# Exercise description
Give again, word for word, only the lines of the material below from its first line through the one that holds "[FM] 축구감독 생존기 S2 - 버밍엄 시티 2023/24"; pictures stay out.

# Material provided
____________________
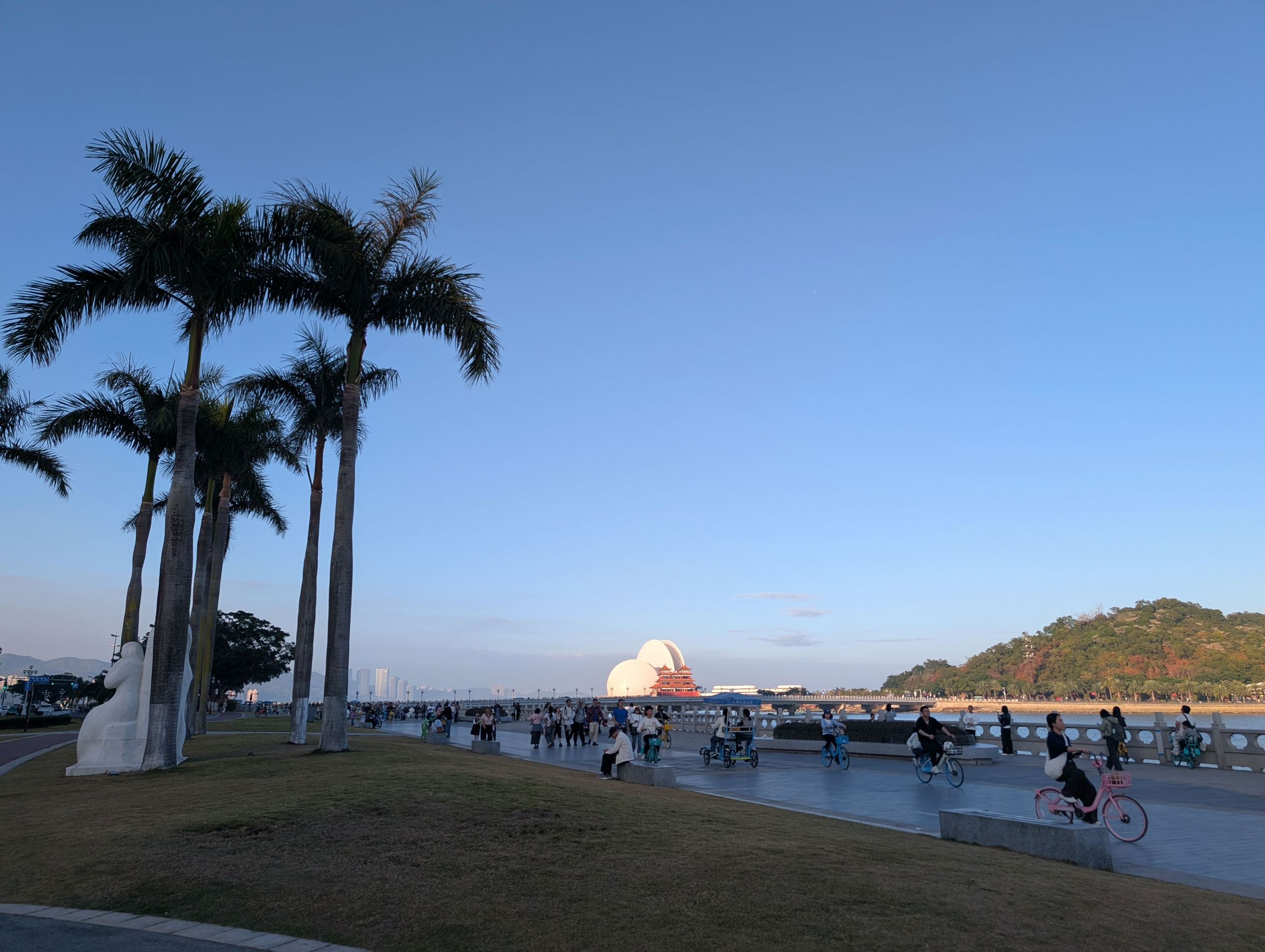 珠海禁电动车,很多澳门的香港的人在珠海买房度假。珠海想要打造大湾区最宜居的城市,所以这座城市看起来很轻松,甚至有点理想化。
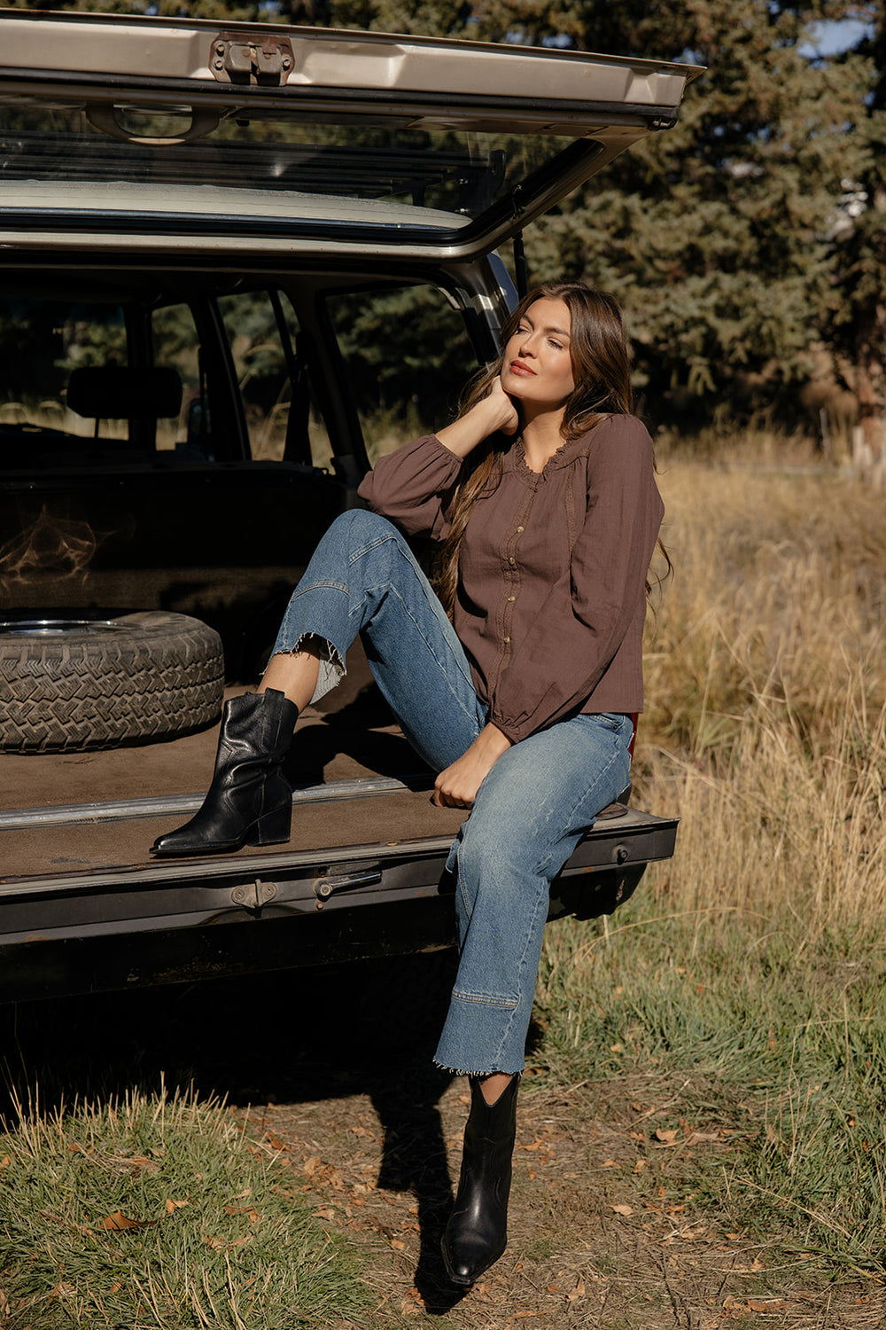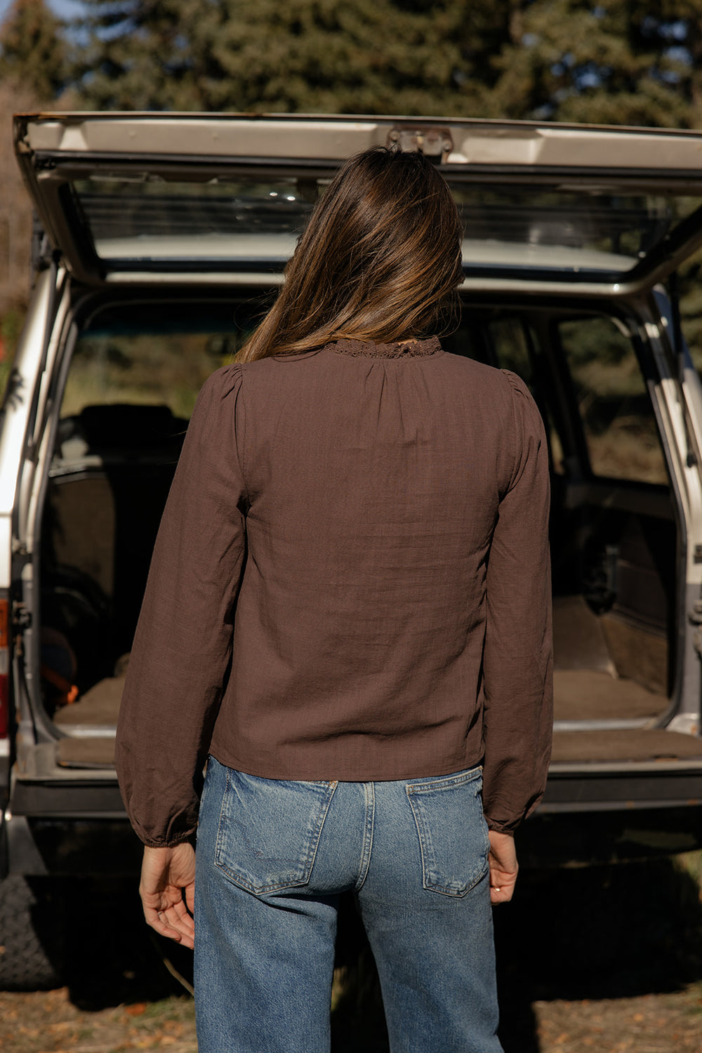 A beautifully detailed blouse featuring delicate lace, soft long sleeves, and a flattering drape. Perfect for dressing up denim or pairing with skirts for a polished look.
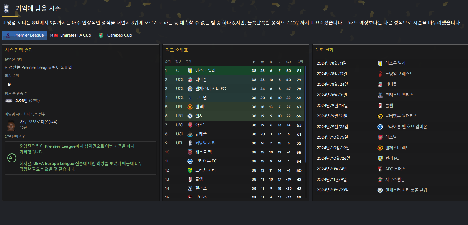 [FM] 축구감독 생존기 S2 - 버밍엄 시티 2023/24
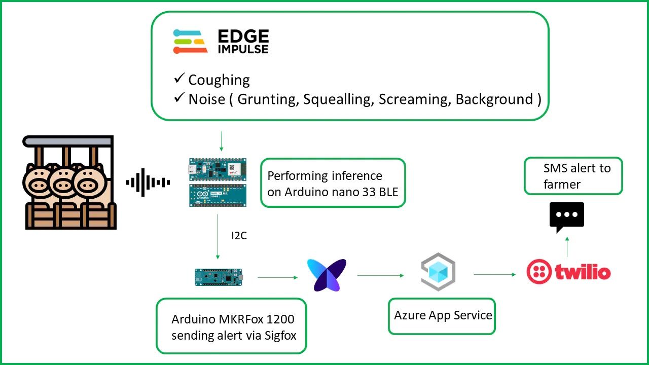 Oduor selected the tiny, but capable, Arduino Nano 33 BLE Sense development board to handle running inferences with the machine learning model, and also to collect audio samples from pigs with the onboard microphone. An Arduino MKR FOX 1200 was also a part of the build to enable low-power wireless notifications to be sent over the wide range of the Sigfox network. The two boards were hooked together via I2C, then placed in a custom plastic casing that can be mounted in a pigsty.
____________________
# Solution to this task
 珠海禁电动车,很多澳门的香港的人在珠海买房度假。珠海想要打造大湾区最宜居的城市,所以这座城市看起来很轻松,甚至有点理想化。
 A beautifully detailed blouse featuring delicate lace, soft long sleeves, and a flattering drape. Perfect for dressing up denim or pairing with skirts for a polished look.
 [FM] 축구감독 생존기 S2 - 버밍엄 시티 2023/24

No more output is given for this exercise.